Farther east in the county, German immigrant Rudolph Haase helped bring an invaluable element to Bardsdale farming: water. He helped form the Southside Improvement Co. to bring water from the Santa Clara River to Bardsdale, a rural community that still exists just south of Fillmore.

A thrifty man, Haase built a combination home and barn using leftover wood from the flume used to carry the water from the river, grandson Paul Haase said. Paul Haase said his grandfather built the house in the old German style with a barn for animals on one side, hay storage in the middle and residence for the family on the other.

"We finally tore it down in 1955 or 1957," Paul Haase said.

In 1908, after farming had proved profitable for the Haases, Rudolph and wife Emelie built a large two-story Victorian house in Bardsdale to accommodate them and their six children.

Their grandson, Paul Haase, a farmer who now lives in the house with his own family, tells of an extended family of 11 grandchildren of Rudolph and Emelie who were raised within a few miles of each other and who remain close today.

"Grandad treated all the grandchildren alike," Paul Haase said. "We were all raised with that love and devotion for family."

Like the Haases, Vanoni family members remain active in Ventura County agriculture.
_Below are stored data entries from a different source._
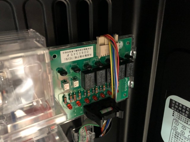 まずはパチスロ筐体内にデータ出力用のハーネスを1本差し込みます。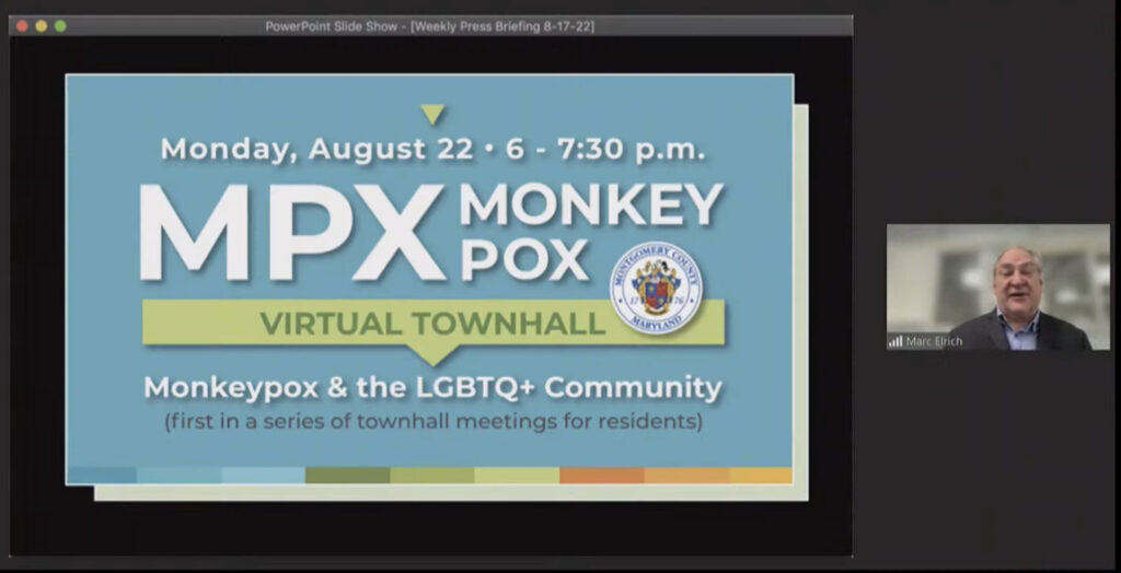Montgomery County Executive Marc Elrich and other representatives from the County Government who help lead the County’s ongoing COVID-19 response efforts hosted their weekly, virtual media briefing at 12:30 p.m. on Wednesday, Aug. 17. The full video can be seen below (begins at 10:06)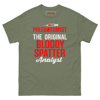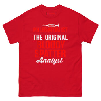 If you are the one actually handling the blood, this shirt is made for you. The Blood Spatter Analyst T Shirt combines premium comfort with a design that finally gives phlebotomists the credit they deserve. It stands out among funny medical professional gifts because it is clever, wearable, and rooted in real experience. Do not let the TV shows take all the glory. Add this shirt to your cart today and let everyone know who the original expert really is.

They follow the tradition set up by grandfather Battista Vanoni, who arrived in Pasadena in 1890 looking for work. He took a series of short-term jobs as a farmhand and woodchopper until he saved enough money to lease 40 acres in El Rio in 1894.

He then sent for wife Mariana and 7-year-old son Attilio, who he had left behind in their native Italy.
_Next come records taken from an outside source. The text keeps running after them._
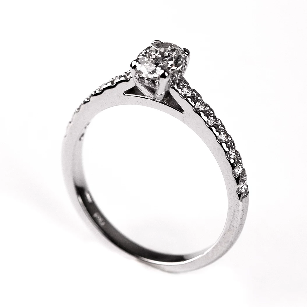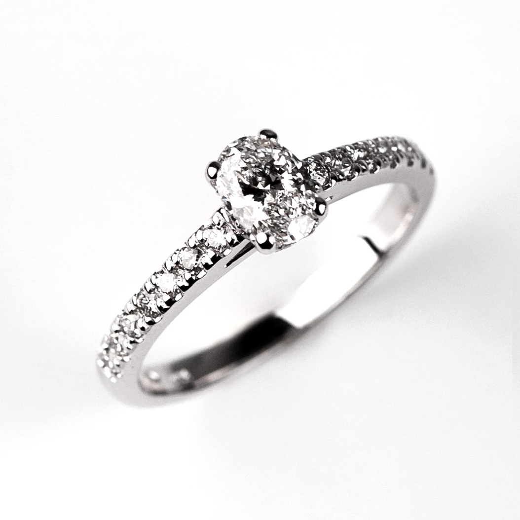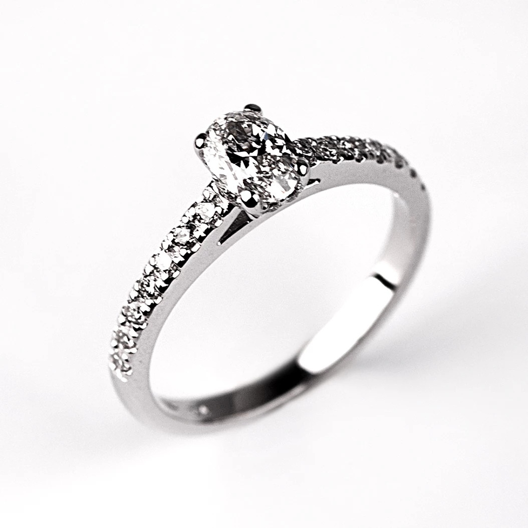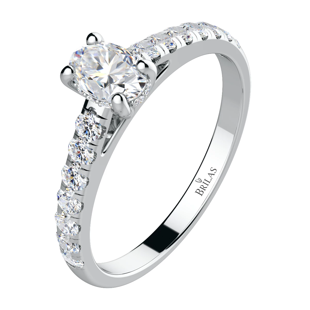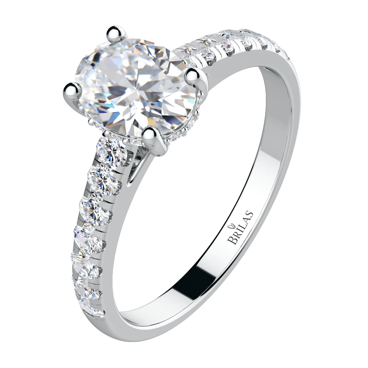 Zajímavý a originální zásnubní prsten z bílého zlata. Na tomto zásnubáčku naleznete dokonalý briliant o velikosti 8x6 mm či 6x4 mm. Dále je po bocích zdoben 14ti kameny o velikosti 1,6 mm. Jejich celková hmotnost je 0,710 ct. u kamene 6x4 mm a 1,25 ct. u kamene 8x6 mm. Vybrat si můžete přírodní brilianty (kvality SI1 a barvy G) nebo laboratorní (kvality VS a barvy F), jež jsou laboratorně vytvořené diamanty, jejichž optické, chemické a fyzikální vlastnosti jsou naprosto totožné s klasickými diamanty. Disponují tedy stejnou krásou jako vytěžené diamanty. Ideální volba pro partnerku, která oceňuje jednoduchost a kvalitní zpracování. Sbalit popis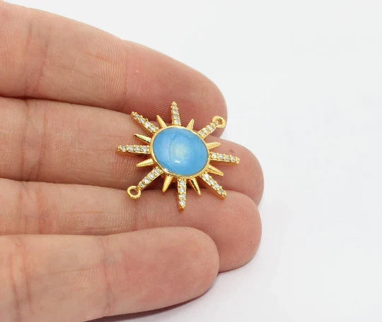 24 carat gold plated double handle white zircon stone bright turquoise enamel stone sun charms sun pendant. Dimensions: 26x30mm Price is per piece. 24 carat gold plated on brass. A quality product resistant to rust and tarnishing. Do not contact with chemicals and perfumes for long-term use. Passed all tests does not contain harmful materials. Colors may vary depending on screen settings and ambient light.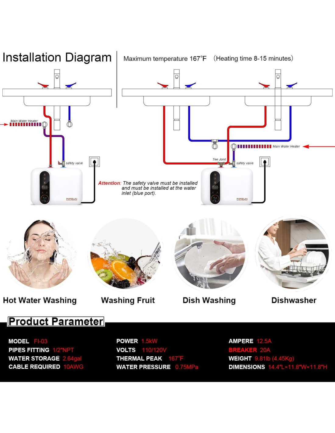 - [Escenarios Adecuados] Adecuado para instalación en lugares lejanos de fuentes de agua caliente y que no pueden obtener agua caliente a tiempo. Bajo el fregadero y encimera o barbería.

By 1910, the family bought 100 acres on Walnut Avenue east of Ventura and moved an old house and barn onto the property. By 1920, the family had prospered enough to build the two-story, six-bedroom house that stands on the property today.

Vanoni, who had six children with Marianna and four more children with his second wife, is credited with one of the county's first flood control and soil conservation projects.

Siro (Bob) Biocca, the only son of Battista Vanoni's daughter, Elizabeth, lived in the house with his grandparents as a boy when his mother divorced.

"Grandfather was a very kind man," Biocca said. "He helped people all the time--too many people. Sometimes he got swindled out of his money. But he was very honest and very well-liked."

Biocca has lived in the house since 1970 with his wife, Mary.

The Sharp, Haase and Vanoni families follow 25 other pioneer farm families in Ventura County honored by the local chapter of the California Women for Agriculture, a statewide organization set up for political lobbying and community education.

Others honored in previous years by the organization include the families of: W.J. Friend, Nathan W. Blanchard, Robert P. Strathern, J. Christian Borchard, W.D. Hobson, O.J. Goodenough, Dominick McGrath, Lloyd Butler, George Briggs, George Crane, E.A. Duval, William Hughes, John Mahan, Benjamin Warring, Peter Donlon, John Cummings, Charles Barnard, Louis Pfelier, John Pinkerton, Juan Camarillo, William Shiells, Samuel Edwards, Michael Clark, Frank Jauregui and Jacob Maulhardt.